Тут мне пришло в голову слово, которое могло бы, может быть, послужить мостом ко взаимному пониманию: «Я писец, милая матушка», — сказал я. — «Так зачем же ты этого сразу не сказал? — молвила она. — Ты, стало быть, пером работаешь; для этого нужна хорошая голова, быстрая рука и доброе сердце, а не то нагорит. Так ты писец? Не можешь ли ты в таком случае составить для меня прошение герцогу, чтобы оно наверняка было удовлетворено, а не осталось лежать среди многих других?»

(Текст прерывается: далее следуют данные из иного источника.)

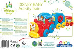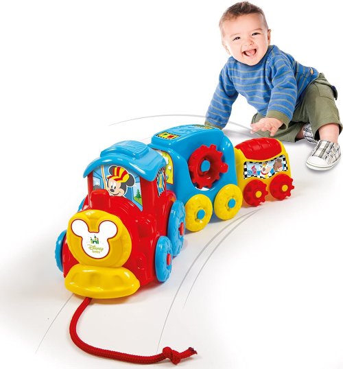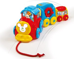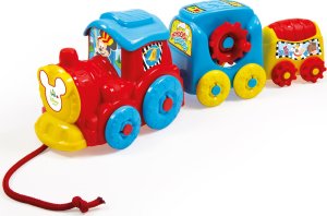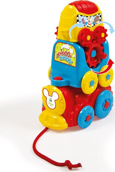 Veselý farebný vláčik s motívom obľúbených postavičiek Disney je plný prekvapení. Dieťa môže vagóniky skladať na seba alebo vláčik ťahať za sebou. Vláčik má tiež množstvo koliesok a mechanických častí, ktoré dieťa môže skúmať a objavovať.
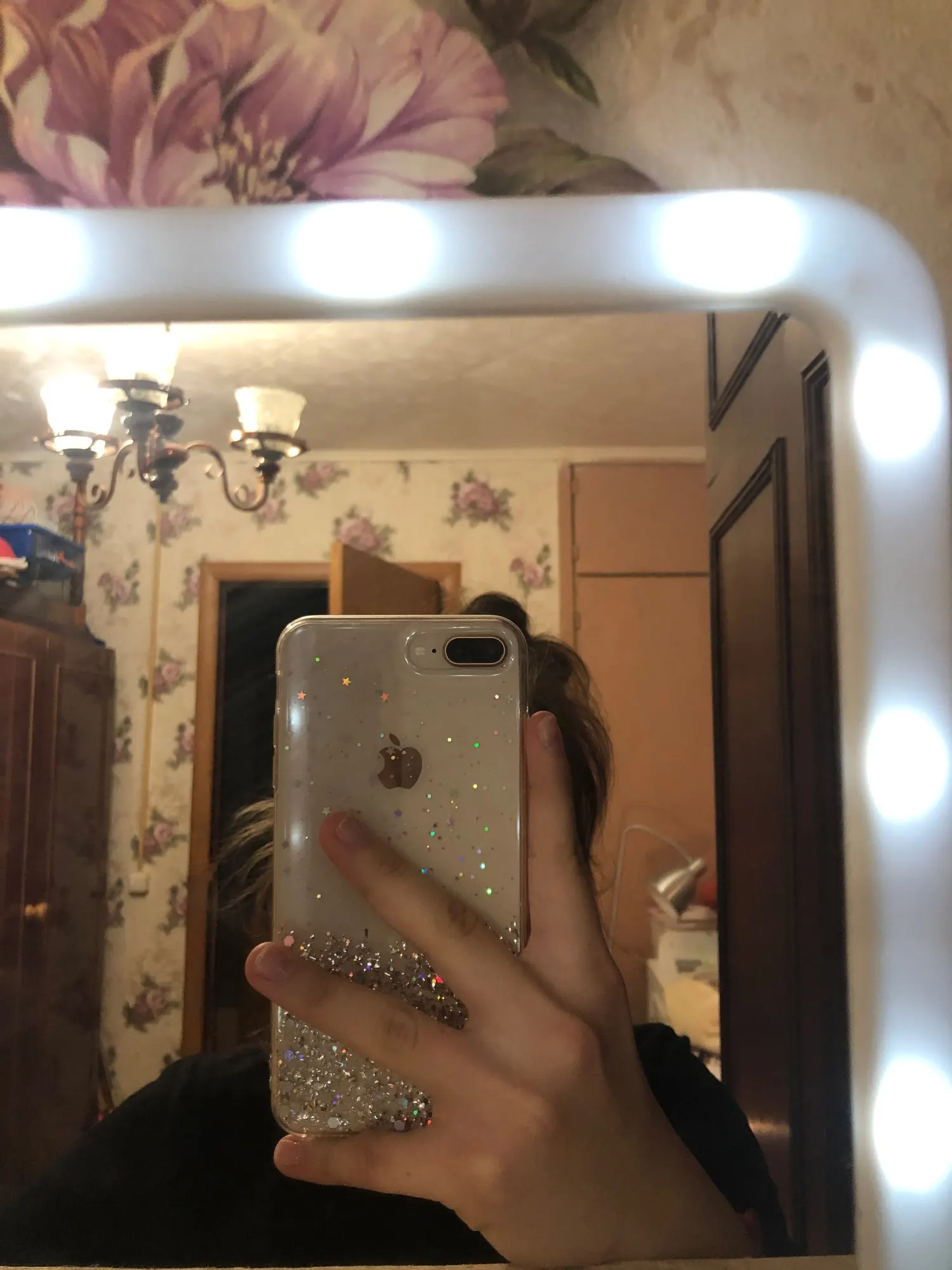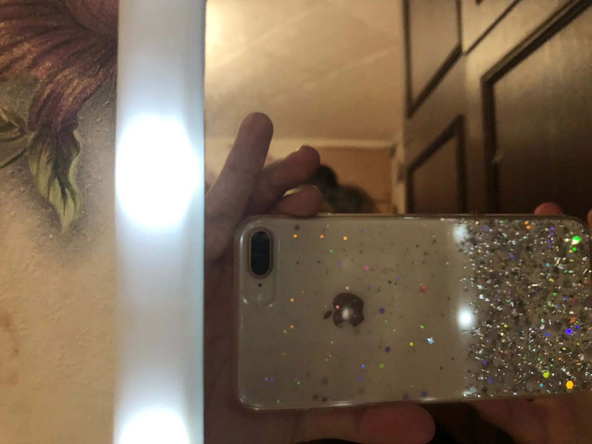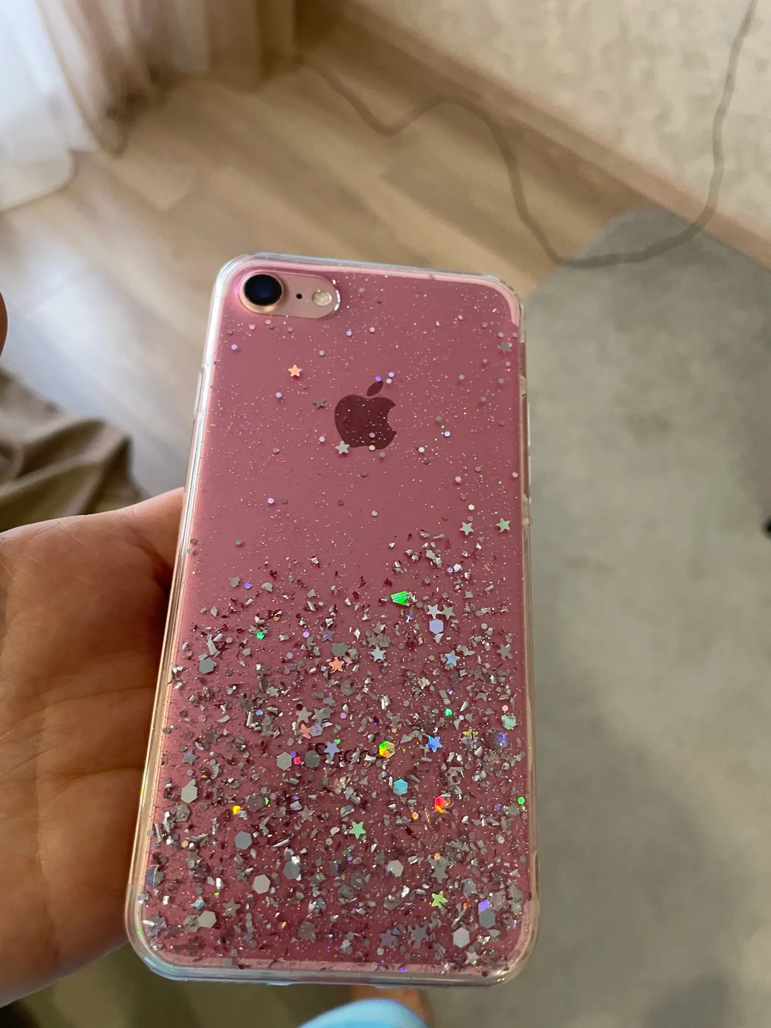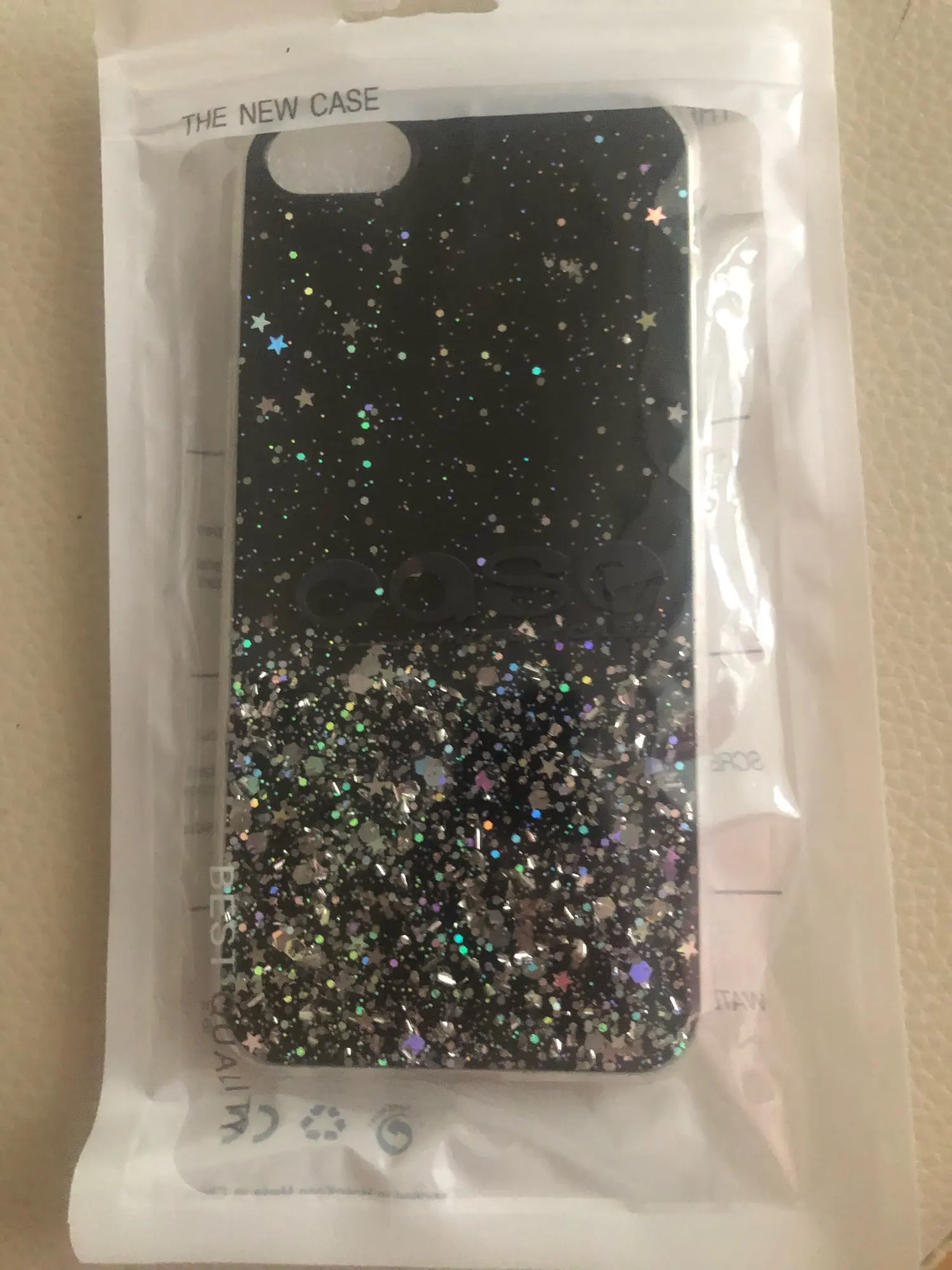 Чехол просто супер!!! Красивый! Подошёл на золотой 6 айфон! Хотя блестки серебристые, но смотрится шикарно! Плотный! Смотрится шикарно!! Пришёл быстро’!!

«Прошение, милая матушка, — сказал я, — разумеется, я могу написать и буду всячески стараться, чтобы оно было составлено как можно убедительнее».

«Ну, это хорошо с твоей стороны, — ответила она. — Да вознаградит тебя господь, и дарует он тебе в старости такое же спокойное мужество и такую же прекрасную ночь с розами и талерами, как мне, а также и друга, который составит тебе прошение, если оно тебе понадобится. А теперь ступай-ка домой, милый друг, купи себе лист бумаги и пиши прошение; я тебя здесь подожду. Через час я пойду к моей крестнице; ты можешь пойти со мной; она тоже обрадуется прошению. У нее, знаю, доброе сердце, но пути господни неисповедимы!»

С этими словами старуха снова умолкла, опустила голову и, повидимому, молилась. Талер все еще лежал у нее на коленях. Она плакала. «Что с вами, милая матушка, что вас так огорчает? Вы плачете?» — сказал я. — «А почему же мне не плакать? Я плачу о талере, плачу о прошении, обо всем я плачу. Но ничто не помогает; на земле, тем не менее, все гораздо лучше, чем мы, люди, этого заслуживаем, и горькие, как желчь, слезы все же еще слишком сладки. Взгляни-ка на золотого верблюда там у аптеки! Как великолепно и чудно сотворил все господь! Но человек этого не сознает. И такой верблюд скорее пройдет через угольное ушко, чем богатый в царство небесное. — Но что же это ты все тут сидишь? Ступай, купи лист бумаги и принеси мне прошение».

«Милая матушка, — сказал я, — как могу я составить для вас прошение, когда вы мне не говорите, что я должен в нем написать?»